Aim of the task:
Restate word for word each line from the one containing "The current front cover design" through the end of the material, and nothing more. Drop every picture.

━━ Data for analysis ━━

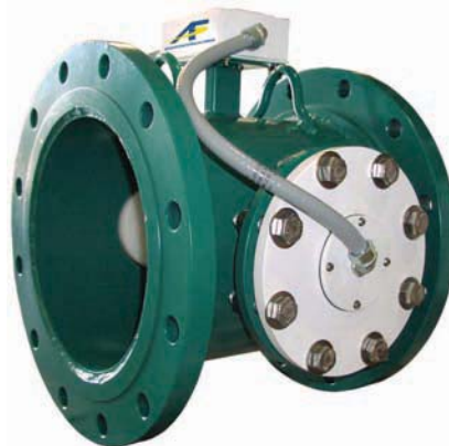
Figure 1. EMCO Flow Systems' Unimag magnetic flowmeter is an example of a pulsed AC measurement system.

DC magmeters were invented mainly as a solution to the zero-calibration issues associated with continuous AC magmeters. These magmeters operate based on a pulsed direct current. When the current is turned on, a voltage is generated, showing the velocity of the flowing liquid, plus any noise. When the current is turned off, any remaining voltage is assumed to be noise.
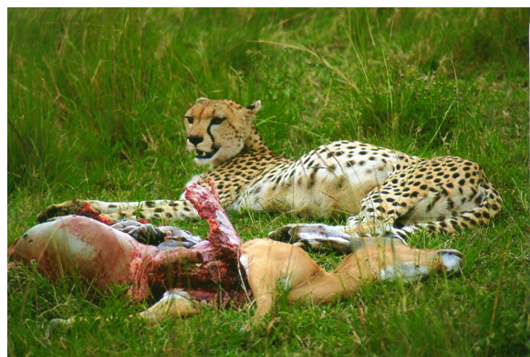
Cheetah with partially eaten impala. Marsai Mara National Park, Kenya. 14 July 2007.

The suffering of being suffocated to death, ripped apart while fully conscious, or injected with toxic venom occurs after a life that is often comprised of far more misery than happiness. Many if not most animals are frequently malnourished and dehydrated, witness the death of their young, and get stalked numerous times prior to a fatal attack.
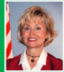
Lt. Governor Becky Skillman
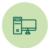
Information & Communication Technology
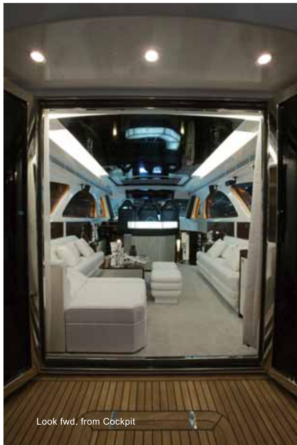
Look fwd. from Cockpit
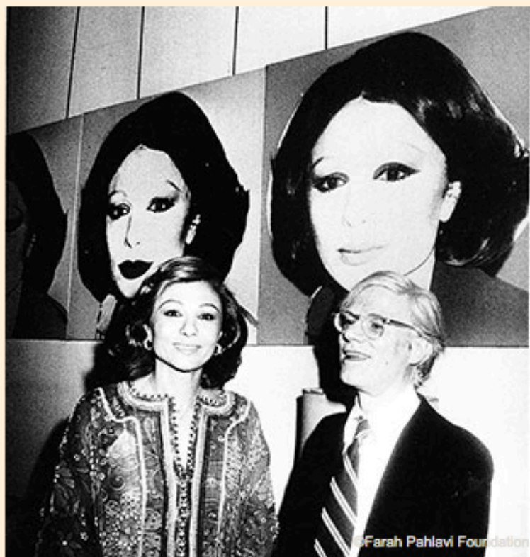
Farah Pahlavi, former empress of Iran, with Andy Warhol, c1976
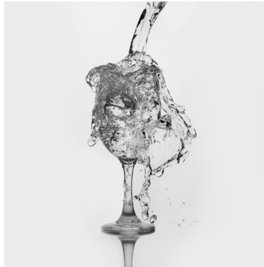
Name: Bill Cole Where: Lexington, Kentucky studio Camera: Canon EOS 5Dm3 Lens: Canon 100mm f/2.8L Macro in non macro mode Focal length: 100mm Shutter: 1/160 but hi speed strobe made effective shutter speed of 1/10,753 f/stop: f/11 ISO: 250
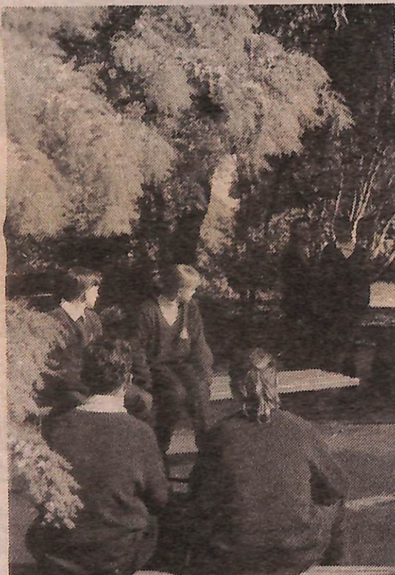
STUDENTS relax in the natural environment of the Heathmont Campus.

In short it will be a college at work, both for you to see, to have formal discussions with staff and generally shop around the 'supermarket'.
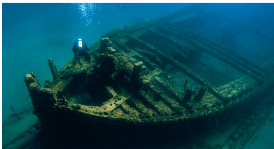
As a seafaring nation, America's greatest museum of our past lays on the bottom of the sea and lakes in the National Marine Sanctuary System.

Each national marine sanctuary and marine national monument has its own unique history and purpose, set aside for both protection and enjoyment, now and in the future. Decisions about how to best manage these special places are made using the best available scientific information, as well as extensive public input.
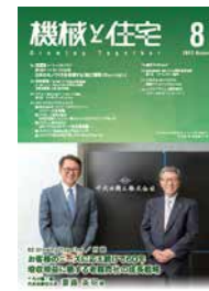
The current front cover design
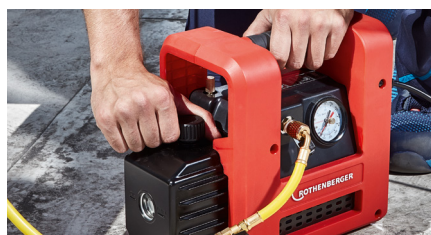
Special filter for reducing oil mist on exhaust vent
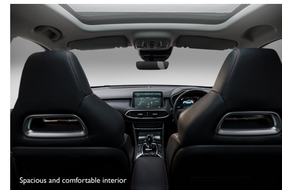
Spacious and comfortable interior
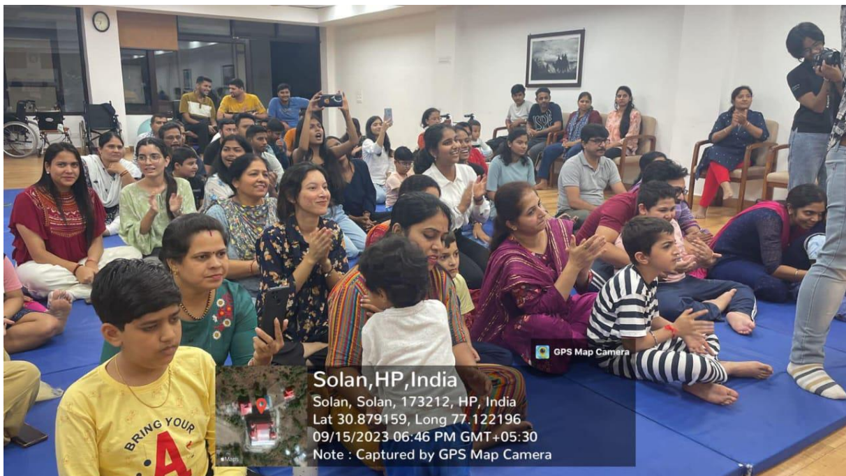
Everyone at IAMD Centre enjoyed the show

━━━

Your response:
The current front cover design
Special filter for reducing oil mist on exhaust vent
Spacious and comfortable interior
Everyone at IAMD Centre enjoyed the show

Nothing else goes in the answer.